First let me clarify: This is not Judge Dredd, this is not the abysmal movie The Dread (2007) reviewed 3/1/13, this is a movie 
adaptation of a creepy short story by Clive Barker (Hellraiser). Barker is one of my all time fave horror writers and I remembered how weirded out I got when I first read this story. I mean, ewww weirded out. Of course they had to stretch out the story (and slow it down quite a bit) to make it into a full length movie, but they're always doing that to Stephen King's stuff so why not? 
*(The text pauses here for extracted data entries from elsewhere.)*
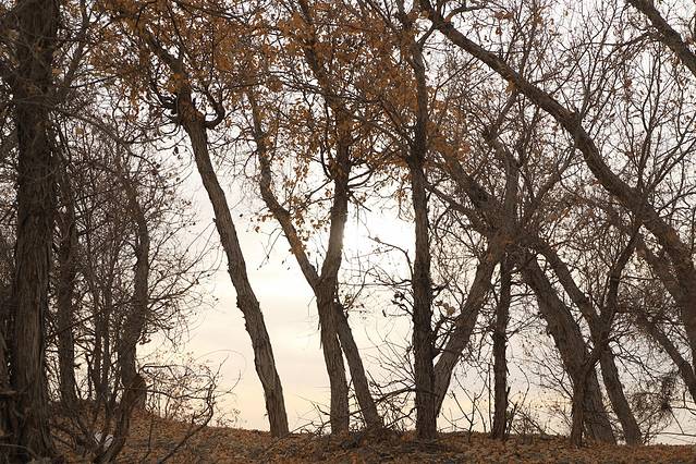 橘黄是柏油大道守卫者们的武装色,井然,霸气又诱惑。惊异,这些在三季中熟视无睹的树木竟是胡杨!可见我活的粗糙。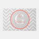Ajoutez un sentiment de bienvenue à votre porte d'entrée avec un tapis de porte Coral Chevron Monogram. La conception des nattes comporte un motif de chevron gris clair avec un emblème de cercle dessiné dans le corail. Autres articles disponibles avec cette conception aussi. Contactez-moi directement pour obtenir de l'aide sur la personnalisation.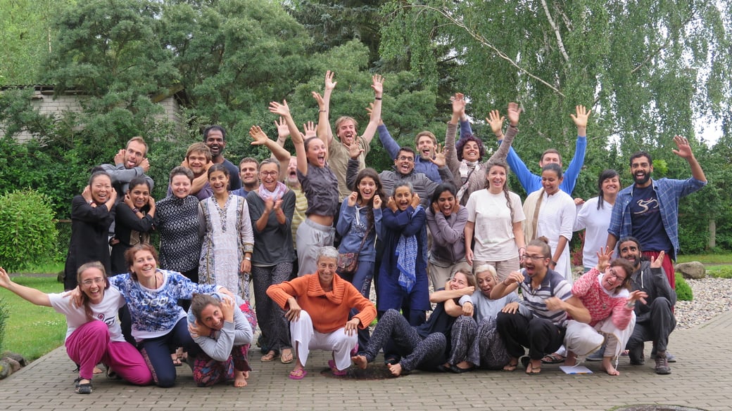 [Obviously, this photo wasn't taken during the time of social distancing! It's to illustrate the joy and playfulness of the Isha Hatha Yoga Teachers in Europe. This was taken in Lithuania, at our 2017 upgrade.]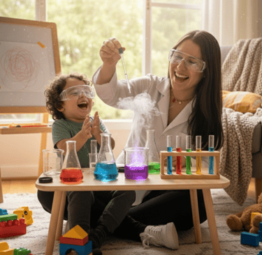 Cada experimento, receta y juego incluye una breve "Explicación Mágica" basada en hitos del desarrollo: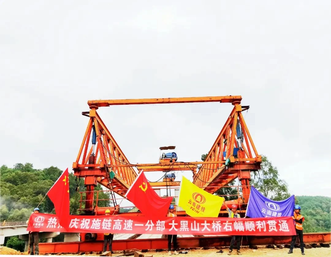 施勐高速公路大黑山大桥完成全部T梁架设,实现双幅贯通。大黑山大桥位于施甸县甸阳镇,为上跨地方路、冲沟而设,右幅全长333.58米,左幅全长216.08米(于9月6日贯通),为先简支后结构连续,全桥双幅共5联 ,共设7道伸缩缝,共架设30米T梁90片。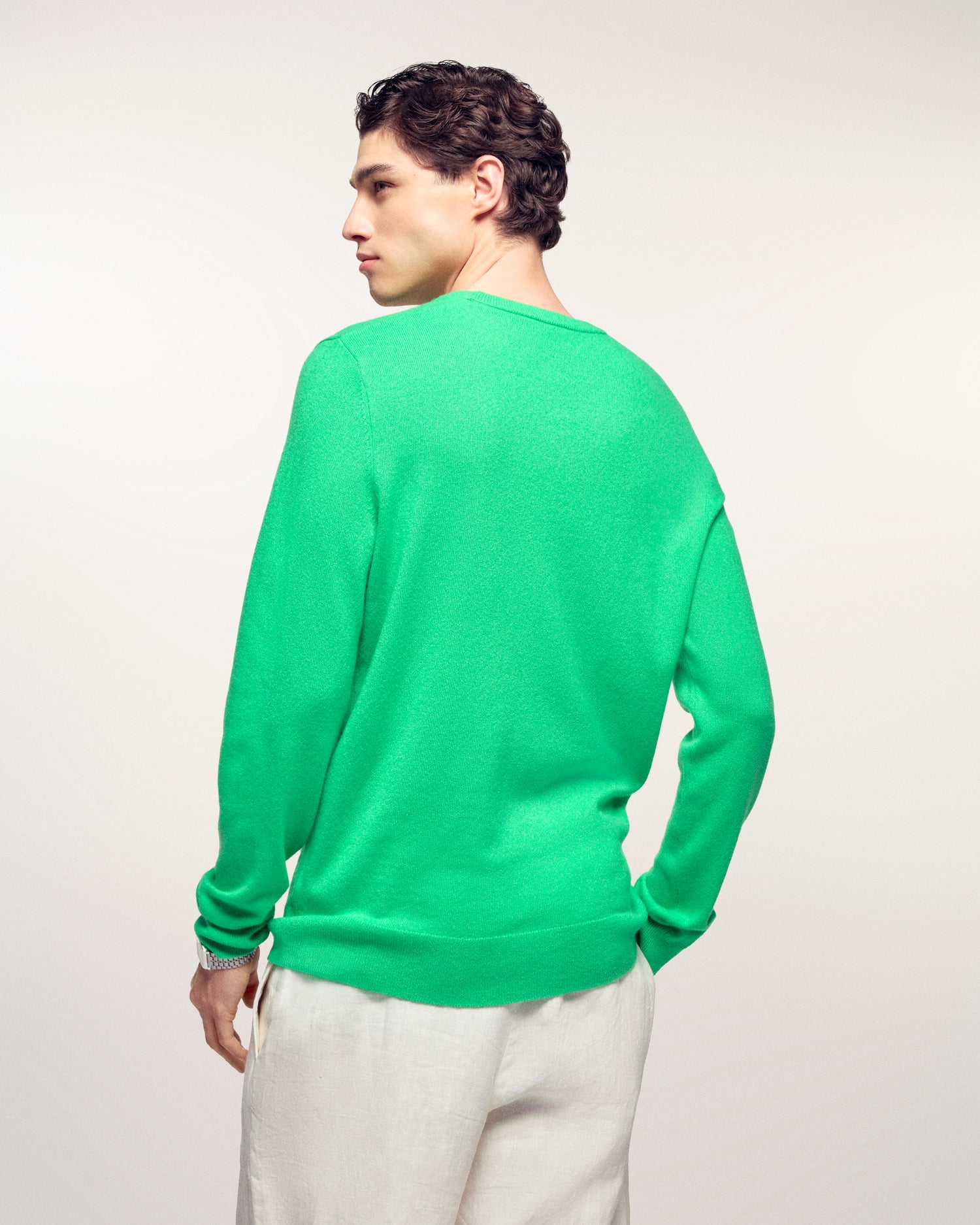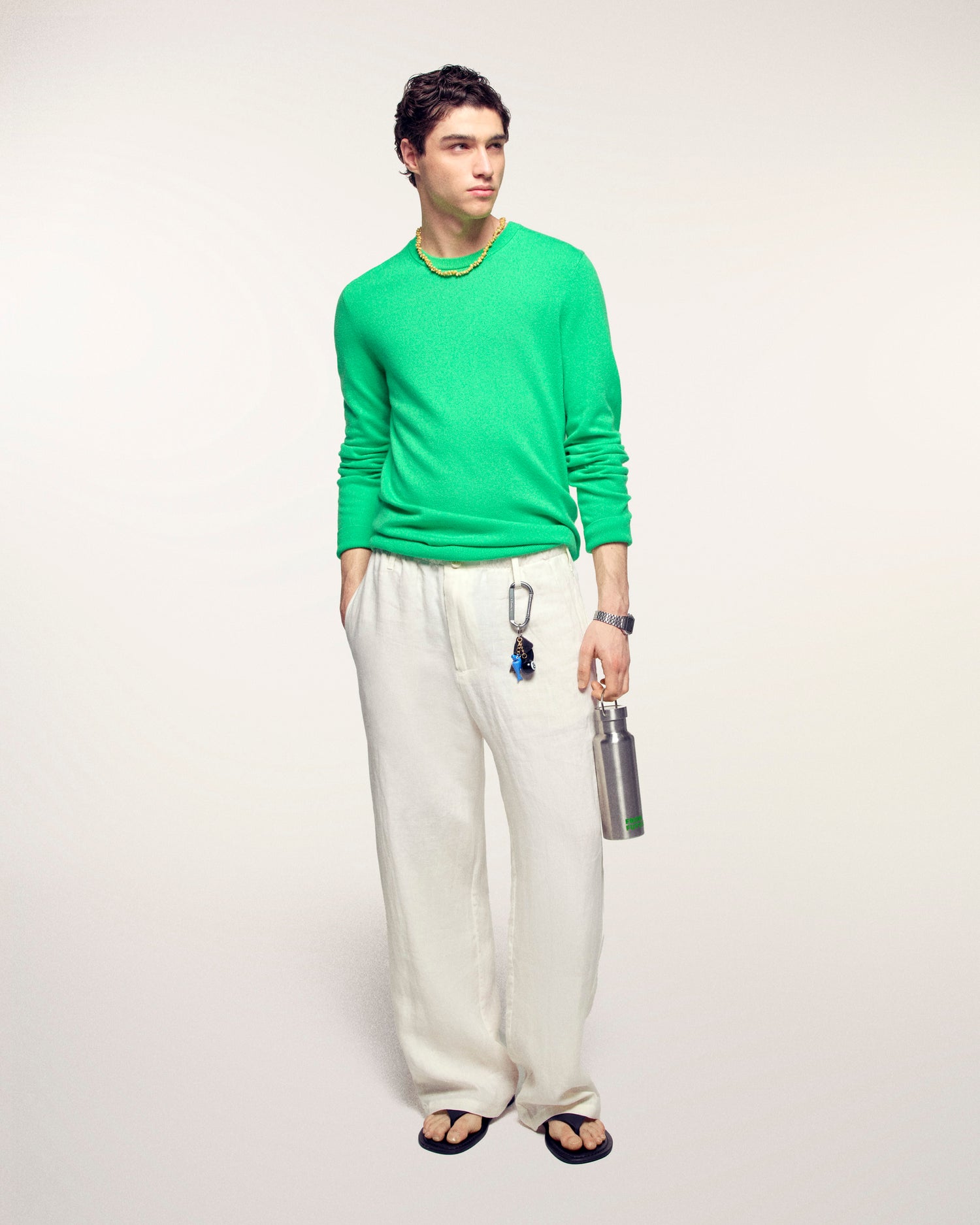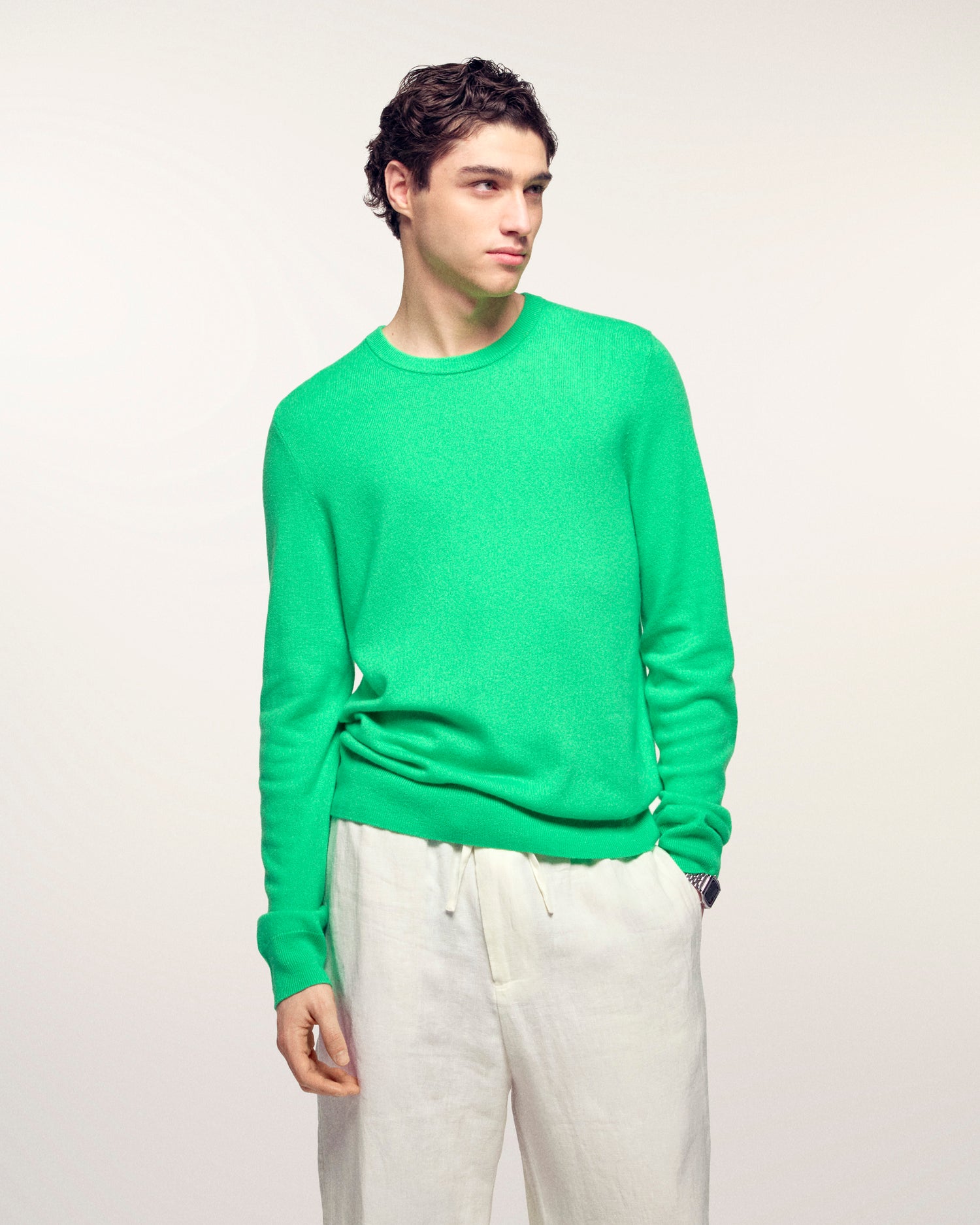 Un intemporel revisité dans un colorama inédit. Confectionné en cachemire 2 fils, ce pull dévoile une maille infiniment douce et une coupe impeccable. Muni d'un col rond, de manches longues et de bords côtelés, il s'associe à un pantalon droit pour un look structuré ou à un jean pour une tenue plus décontractée.

If you want to find the story (and a lot of other great creeped-out tales) get Barkers Books Of Blood which has been out there, like, forever and you'll recognize a couple of other movies made from it, such as Book Of Blood (2009) - the first movie I think I've ever watched that was from a PROLOGUE 
to a book instead of a short story. Another you'll recognize that came from that series is Candyman (1992) with Virginia Madsen and Tony Todd, setting off Todd's career as a scary figure who only has to growl at you to send you running. 

This particular story came from volume two of the set - I read those books so many times I had to get new copies, they're just... my kind of horror. And, mind you, this is nasty stuff. We're not talking chainsaw killers, we're not talking paranormal garbage - just human needs and fears. And it was filmed in Boston - strange for an English story but hey, it works.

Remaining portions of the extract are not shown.